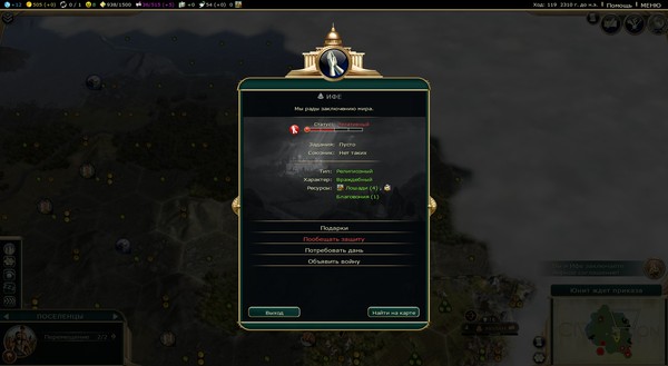 Для решения этой проблемы, мы установили, что встреча с цивилизацией не является поводом для остановки игры, и вообще решили не трогать их, пока у них не появятся излишки ресурсов. Поводом для остановки игры могло послужить лишь предложение с их стороны.
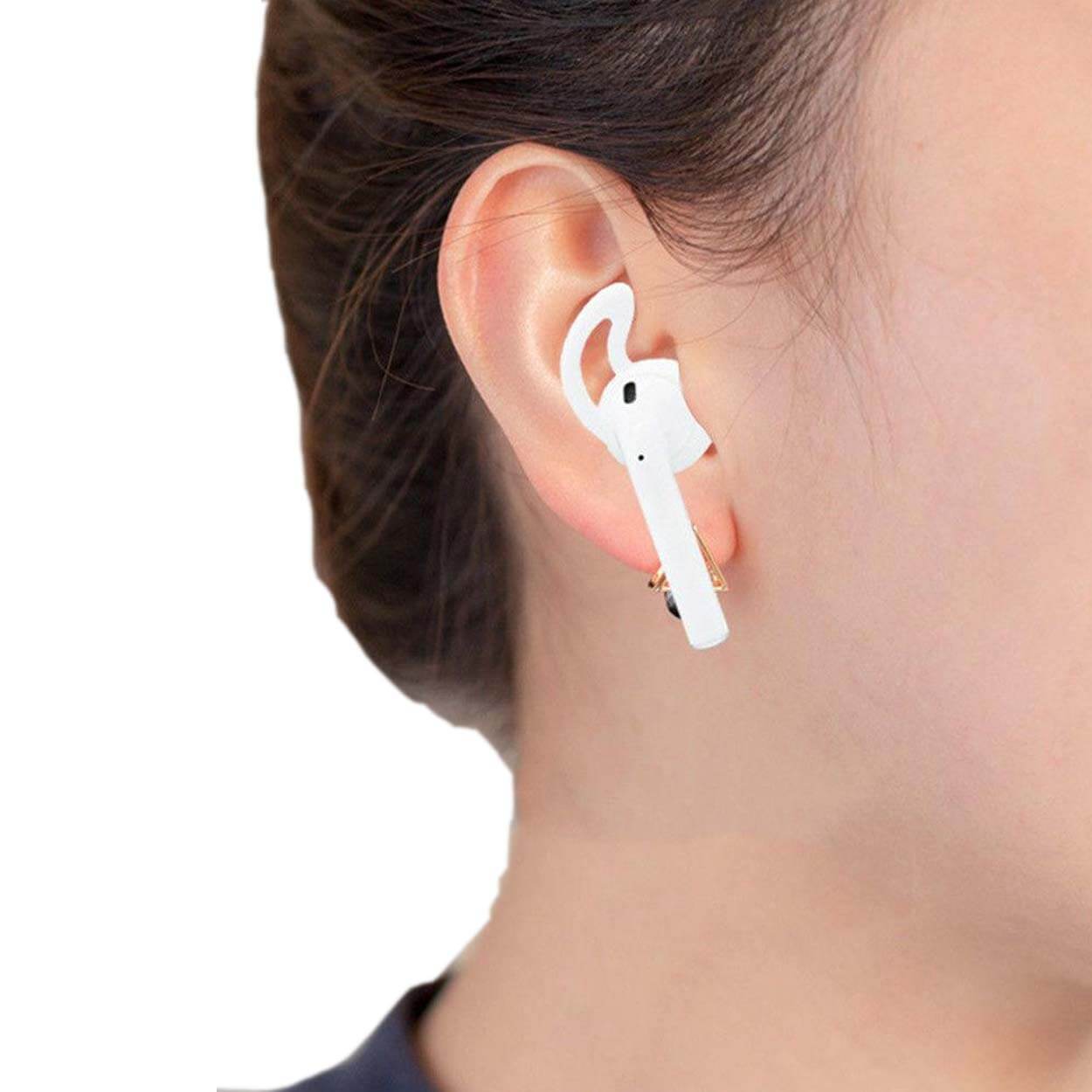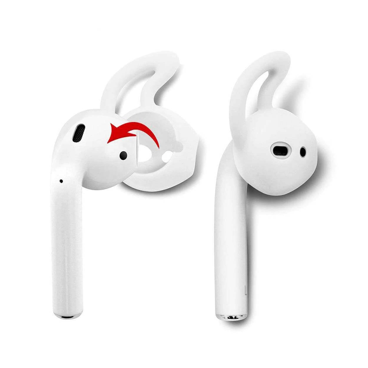 AirPods-örontoppar i silikon med integrerad krok som hjälper hörlurarna att sitta säkrare i örat vid rörelse. Passformen blir stabilare under träning och löpning, vilket minskar risken att de glider ur. Silikonet bidrar även till att dämpa omgivningsljud så att musiken upplevs tydligare, särskilt i basregistret. Örontopparna är enkla att montera och ta av vid behov. Kompatibla med AirPods 1 och 2 samt Apple EarPods.
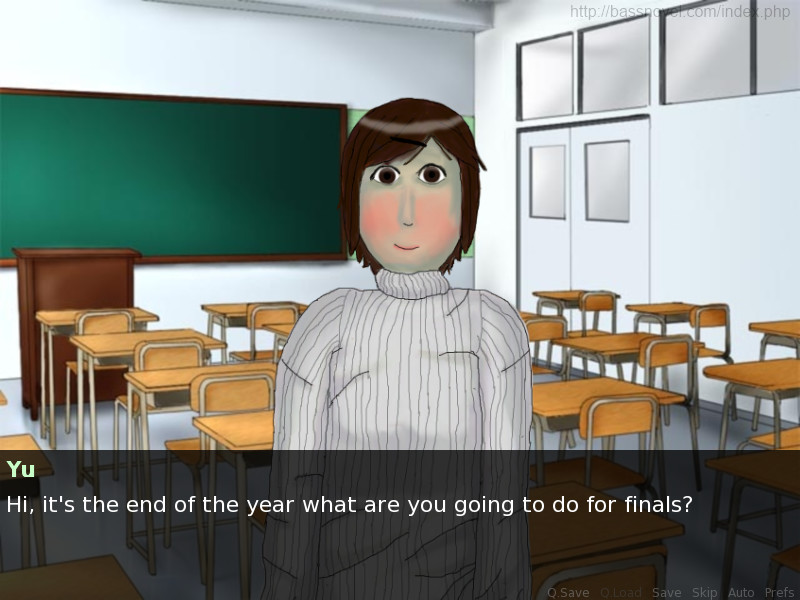 It's finals again, but your seat neighbor who's the only girl who ever have spoken to you is skipping to college. As soon as class is over she comes ask you what you will do for finals. This may be the last change you have to speak to a girl again.
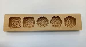 Generic - قالب معمول خشبي تقليدي ب 5 تصاميم زهور مصنوع من خشب الزان الطبيعي لصنع الكوكيز، مقاس 29 × 7 سم
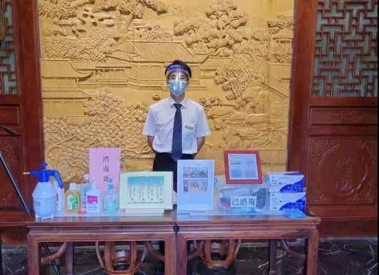 做好酒店防疫的第一道防線。工作人員充分發(fā)揮一崗多能、一人多專的作用,除了肩負(fù)對(duì)所有進(jìn)入酒店的人員驗(yàn)證“雙碼”,測(cè)量體溫,監(jiān)督所有進(jìn)入酒店的人員佩戴口罩的責(zé)任外,還根據(jù)防疫接待服務(wù)要求,主動(dòng)加強(qiáng)環(huán)境安全管理,在大堂設(shè)置1.5米分隔線進(jìn)行登記,每日對(duì)整個(gè)酒店園內(nèi)外定時(shí)消毒。
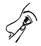 - Наклонить голову назад и слегка оттянуть нижнее веко вниз для появления пространства между веком и глазом.
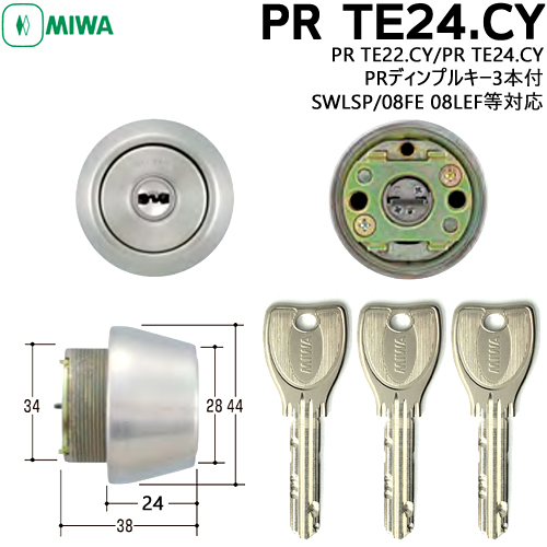 PR TE24.CY ディンプルキー3本付 MIWA 鍵 交換用シリンダー PRシリンダー SWLSPタイプ 交換シリンダー miwa 玄関 鍵 シリンダー 交換 美和ロック 08FE 08LEFPR TE24.CY

========================

### [REQUIREMENT]
Print everything from the line with "It's finals again, but" down to the line with "做好酒店防疫的第一道防線。工" in the entries above, both lines included and nothing more, without the pictures.

### [ANSWER SPACE]
 It's finals again, but your seat neighbor who's the only girl who ever have spoken to you is skipping to college. As soon as class is over she comes ask you what you will do for finals. This may be the last change you have to speak to a girl again.
 Generic - قالب معمول خشبي تقليدي ب 5 تصاميم زهور مصنوع من خشب الزان الطبيعي لصنع الكوكيز، مقاس 29 × 7 سم
 做好酒店防疫的第一道防線。工作人員充分發(fā)揮一崗多能、一人多專的作用,除了肩負(fù)對(duì)所有進(jìn)入酒店的人員驗(yàn)證“雙碼”,測(cè)量體溫,監(jiān)督所有進(jìn)入酒店的人員佩戴口罩的責(zé)任外,還根據(jù)防疫接待服務(wù)要求,主動(dòng)加強(qiáng)環(huán)境安全管理,在大堂設(shè)置1.5米分隔線進(jìn)行登記,每日對(duì)整個(gè)酒店園內(nèi)外定時(shí)消毒。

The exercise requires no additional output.